Страстность вступительных слов, напряжение, с которым Аркадий Гайдар работал, показывают, что тема его увлекла, захватила. Даже что-то глубоко личное чувствуется в этой увлеченности.
Может, всплыли в памяти рассказы родителей о 1905 годе?
Может, сближали автора с героем повести какие-то черты характера? Вспомним автобиографию: «Частенько я оступался, срывался, бывало даже своевольничал…»
Когда повесть вышла, журнал «Книгоноша» отозвался о ней одобрительно:
«Гайдар-Голиков обнаружил достаточно умения и революционного пафоса… Читается вещь легко и увлекательно… Язык повести образен, интересен… После „В дни поражений и побед“ „Жизнь ни во что“ большая победа Гайдара-Голикова».
Победа? Так ли это?
Творческий путь многих состоявшихся писателей — тяжелый, от книги к книге — подъем. Встретятся скальные обрывы, глубокие расщелины — может загрохотать камнями обвал. Одному удается в начале пути, еще у подножия, наметить трассу, которая, если упорно работать, не сдаваться, не трусить, приведет в конце концов вопреки всем препятствиям к той горной вершине, что назначена ему судьбой и талантом. Другой не сразу найдет такой маршрут.

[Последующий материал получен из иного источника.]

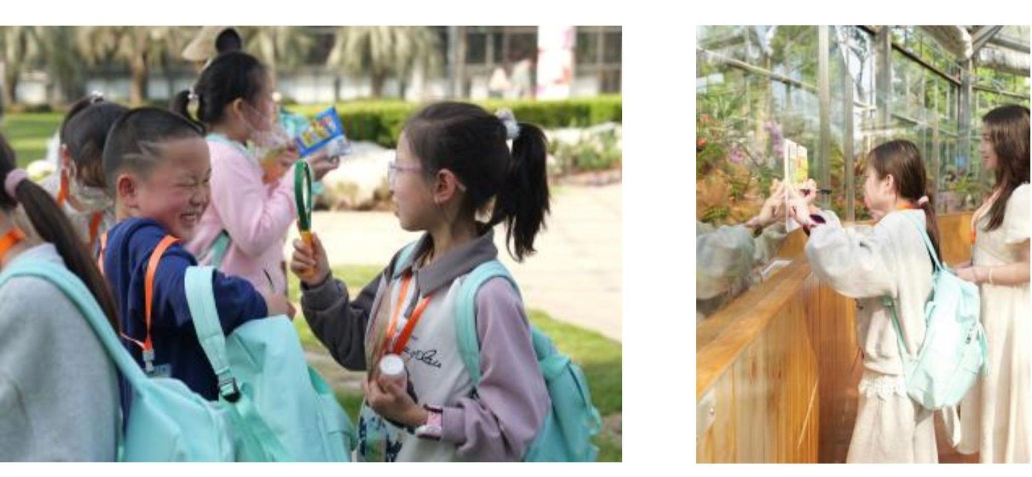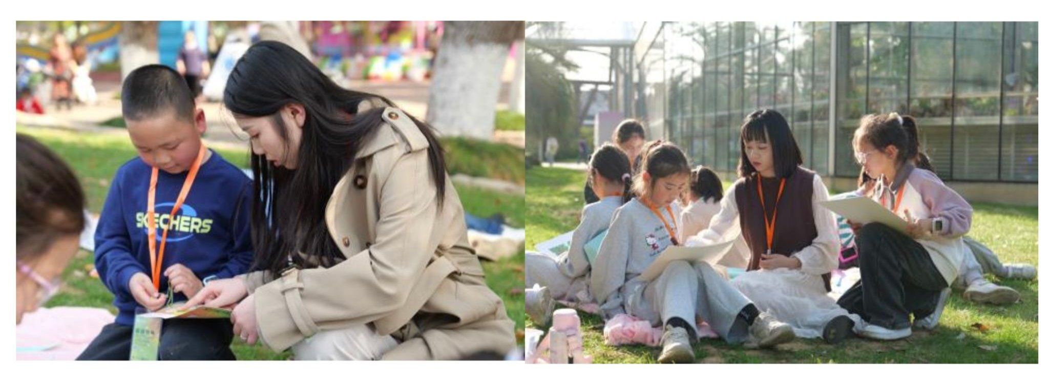 为了让孩子们更深刻地理解和感受节气之美,团队精心策划了沉浸式探索和写生活动。孩子们化身小侦探,在植物园中近距离观察各种植物的造型和色彩,寻找不同节气下植物的变化特征,并将这些观察到的细节转化成自己的绘画语言,记录在研学手册上。
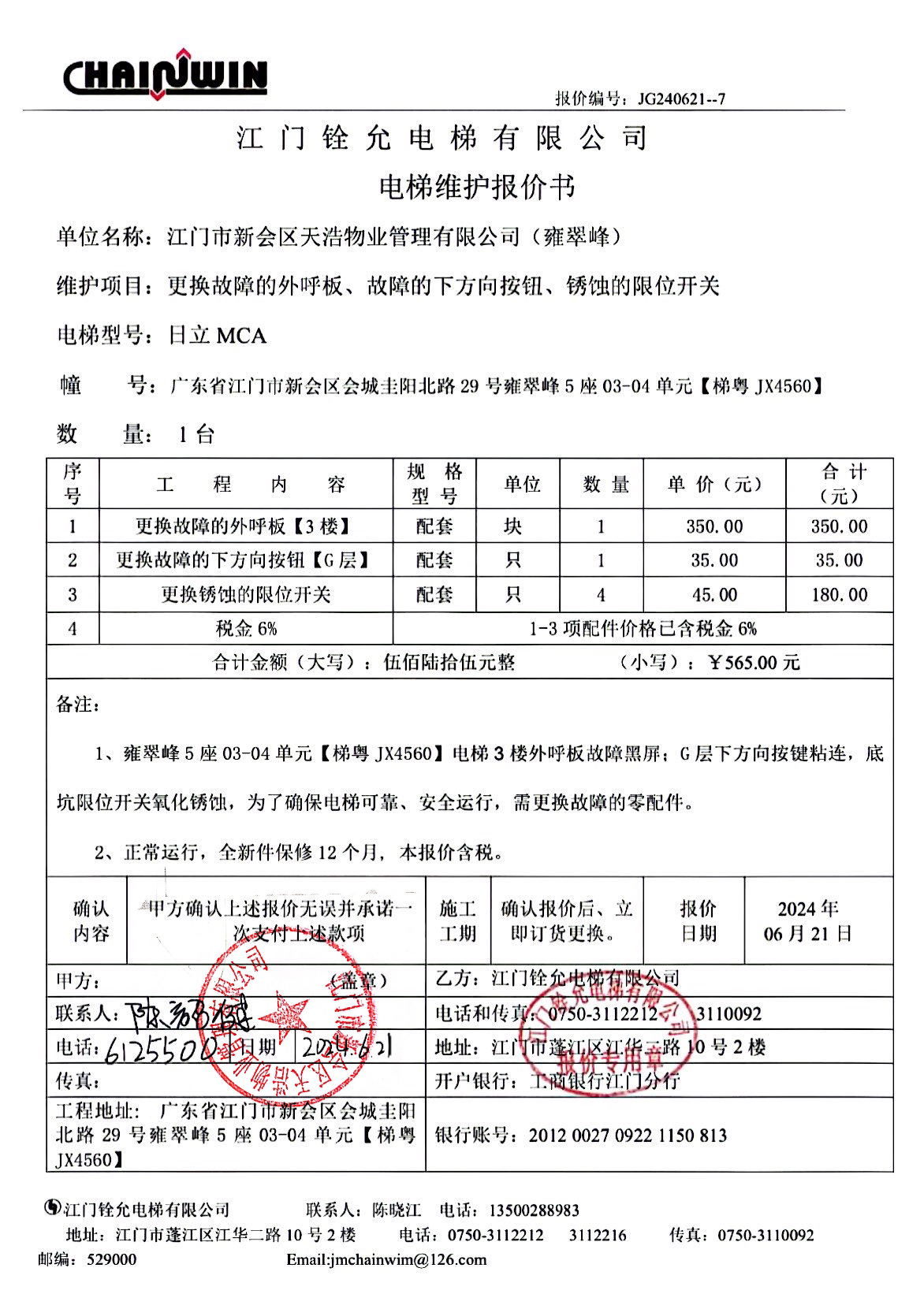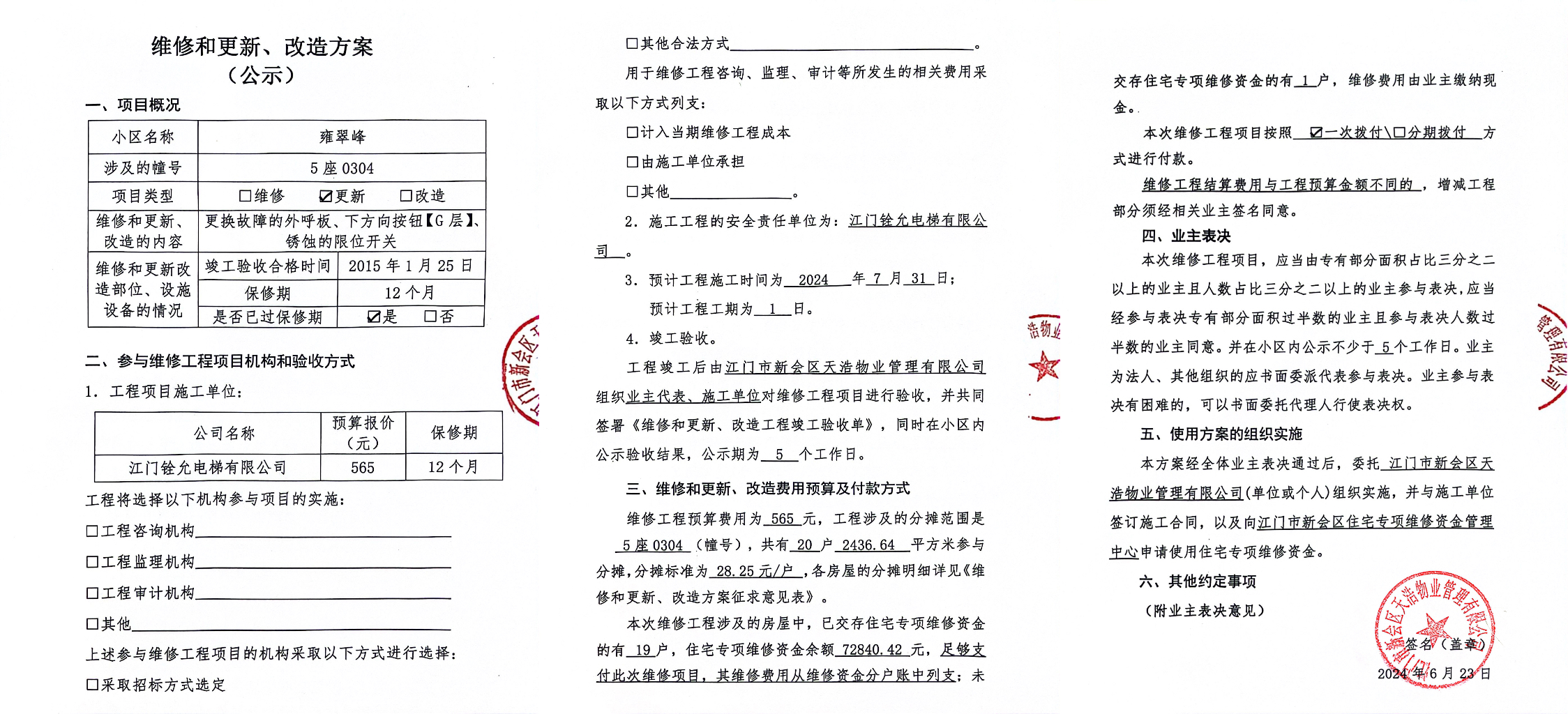 <td VALIGN="top" VALUES="" STYLE="border-width:0" BINDTYPE="0" ROWSPAN="19" COLSPAN="7" DATASOURCE="投票结果" ><font style="font-size:14pt;"><p style="white-space: normal; font-family: 宋体; line-height: 1.75em;">雍翠峰雍翠峰5座全体业主:</p><p style="white-space: normal; font-family: 宋体; line-height: 1.75em; text-indent: 2em;">本小区关于雍翠峰5座0304电梯【梯粤JX4560】更换故障的外呼板、下方向按钮【G层】和锈蚀的限位开关使用维修资金的投票的投票已表决结束,询异时间从2024年06月27日开始,投票询异公示期间,业主可通过微信查询自己的表决情况或可凭身份证件申请查询自己的表决情况;如公示的业主表决情况与查询的本人表决意见不一致的,可以以书面形式向投票组织机构申诉,投票组织机构予以纠正并重新公示表决结果。异议提出人对投票组织机构的处理仍有异议的,可以向街道办事处(镇人民政府)反映处理,涉及住宅专项维修资金的,可向属地住宅专项维修资金管理中心反映处理。</p><p style="white-space: normal;"><br/></p><p style="white-space: normal; font-family: 宋体; line-height: 1.75em;"><strong>附件:</strong></p><p style="white-space: normal; font-family: 宋体; line-height: 1.75em;"><strong>一、投票范围</strong></p><p style="white-space: normal; font-family: 宋体; line-height: 1.75em; text-indent: 2em;">雍翠峰雍翠峰5座</p><p style="white-space: normal; font-family: 宋体; line-height: 1.75em; text-indent: 2em;">总人数(专有部分人数之和):20</p><p style="white-space: normal; font-family: 宋体; line-height: 1.75em; text-indent: 2em;"><span style="font-family: 宋体, SimSun;"><span style="font-family: 宋体; text-indent: 32px;"><span style="font-family: 宋体; text-indent: 32px;">总户数:20</span></span></span></p><p style="white-space: normal; font-family: 宋体; line-height: 1.75em; text-indent: 2em;">建筑物总面积(专有部分面积之和):2436.64㎡</p><p style="white-space: normal; font-family: 宋体; line-height: 1.75em;"><strong>二、询异公示起止时间</strong></p><p dir="ltr" style="white-space: normal; font-family: 宋体; line-height: 1.75em; text-indent: 2em;"><span style="text-indent: 36px;">2024年06月27日至2024年07月03日</span></p><p style="white-space: normal; font-family: 宋体; line-height: 1.75em;"><strong>三、投票详细描述</strong></p><p style="white-space: normal; font-family: 宋体; line-height: 1.75em; text-indent: 2em;"><p> 雍翠峰5座0304电梯【梯粤JX4560】G层电梯按钮失灵以及在三楼同时出现异常情况,经检查确认为电梯3楼外呼板故障黑屏、G层下方向按键粘连、底坑限位开关氧化锈蚀(日常使用自然磨损损坏)已过保修期。现需申请使用维修资金对5座0304电梯【梯粤JX4560】进行维修,工程维修预算金额为565元,项目最终费用以施工合同签订金额为准。维修费用的分摊标准为按分户分摊,每户分摊28.25元,详见公示附件。如业主不能正常通过微信投票,请联系物业公司进行线下纸质投票,物业电话:0750-6125500</p></p><p style="white-space: normal; font-family: 宋体; line-height: 1.75em;"><strong>四、计票规则</strong></p><p style="white-space: normal; font-family: 宋体; line-height: 1.75em; text-indent: 2em;">表决事项:使用建筑物及其附属设施的维修资金<br /><p style='text-align: left; font-family: 宋体; font-size: 16px; line-height: 1.75em; text-indent: 2em;'>计票规则:弃权票不并入其它项 未表决票不并入其它项</p></p><p style="white-space: normal; font-family: 宋体; line-height: 1.75em;"><strong>五、通过规则</strong></p><p style="white-space: normal; font-family: 宋体; line-height: 1.75em;"><strong><strong style="white-space: normal;"><span style="font-family: 宋体, SimSun;"> 根据《中华人民共和国民法典》第二百七十八条规定:业主共同决定事项,应当由专有部分面积占比三分之二以上的业主且人数占比三分之二以上的业主参与表决。</span></strong></strong></p><p style="white-space: normal; font-family: 宋体; line-height: 1.75em; text-indent: 2em;">表决事项:使用建筑物及其附属设施的维修资金<br /><p style='text-align: left; font-family: 宋体; font-size: 16px; line-height: 1.75em; text-indent: 2em;'>通过规则:双2/3以上参与表决,参与表决双过半同意</p></p><p style="white-space: normal; font-family: 宋体; line-height: 1.75em;"><strong>六、投票结果</strong></p><p style="white-space: normal; font-family: 宋体; line-height: 1.75em; text-indent: 2em;"><div id='resultTable'><table style='table-layout: fixed; font-size:12px; margin-top:10px' width='100%' border='0' cellspacing='0' cellpadding='0'><tr><td height='28' colspan='10' align='center' style='border: 1px solid #666'><strong style='font-size: 14px;'> 使用建筑物及其附属设施的维修资金</strong></td> </tr><tr id='trfirst'><td height='28' colspan='4' style='border-left: 1px solid #666; border-bottom: 1px solid #666'><strong> 申报单位:</strong> 江门市新会区天浩物业管理有限公司</td><td colspan='3' style='border-left: 1px solid #666; border-bottom: 1px solid #666'><strong> 联系方式:</strong> </td><td colspan='3' style='border-left: 1px solid #666; border-bottom: 1px solid #666; border-right: 1px solid #666'><strong> 申报日期:</strong> 2024年6月23日 </td></tr><tr> <td height='28' colspan='5' style='border-left: 1px solid #666; border-bottom: 1px solid #666'><strong> 总人数(专有部分人数之和):</strong>20人 </td><td colspan='5' style='border-left: 1px solid #666; border-bottom: 1px solid #666; border-right: 1px solid #666'><strong> 建筑物总面积(专有部分面积之和):</strong>2436.64㎡ </td> </tr><tr><td height='28' colspan='10' bgcolor='#F3F3F3' style='border-left: 1px solid #666;border-bottom: 1px so

Чтобы понять путь Аркадия Голикова к Аркадию Гайдару, нужно вернуться к его первой повести, которую так единодушно и, если убрать грубость, вроде справедливо разругала критика. В книге «Аркадий Гайдар», одной из лучших об этом писателе, созданной уже в послевоенные годы, ее автор В. Смирнова пишет:
«Когда я сейчас вновь перечитала повесть, я увидела, что ей не хватало вкуса, общего замысла, цельности композиции. Поначалу она выливалась из массы собственных впечатлений и размышлений, а под конец — автор словно выдохся и свел все к „приключениям“ героя».
О вкусе, композиции, массе впечатлений — совершенно согласен. Листаешь рукопись «В дни поражений и побед», особенно первые тетради, и даже по почерку видишь, как спешит перо, как рука не поспевает за памятью. И очень редко поиск слова притормозит руку.
Все, что составляет содержание первой части повести — осажденный белыми Киев, курсы краскомов, бои с бандами на подступах к городу, — все это с Аркадием Голиковым было и написано «как было». Но без силы литературы и без убедительности мемуаров. Однако сейчас, когда знакома и различима его интонация, не так уж трудно увидеть и на страницах первой повести проблески будущего гайдаровского мастерства. Они прорываются редко, фразой, абзацем, даже словечком, как вспышки маячного огня, который подсказывает кораблю место, помогает проложить курс. Чем дальше листаешь страницы, тем проблески чаще.
Вроде бы и не логично. Когда червонные казаки Примакова, пластуны Павлова, латышские стрелки выбили деникинцев из Харькова, автор повести лечился после ранения в Арзамасе. Когда войска командарма Уборевича освобождали Новороссийск, поезд, на котором Аркадий Голиков ехал на Кавказский фронт, находился еще в пути. Свидетелем событий, описанных во второй, «приключенческой» части повести «В дни поражений и побед», автор не был. Но именно в ней начинает звучать его гайдаровская интонация, и впервые обретают плоть и кровь нарисованные им люди: командир партизанского отряда матрос Сошников, рабочий человек Егор, крестьянин Силантий, Яшка, который «где только не шатался»…
Попал в засаду к белым, разоружен этот маленький отряд.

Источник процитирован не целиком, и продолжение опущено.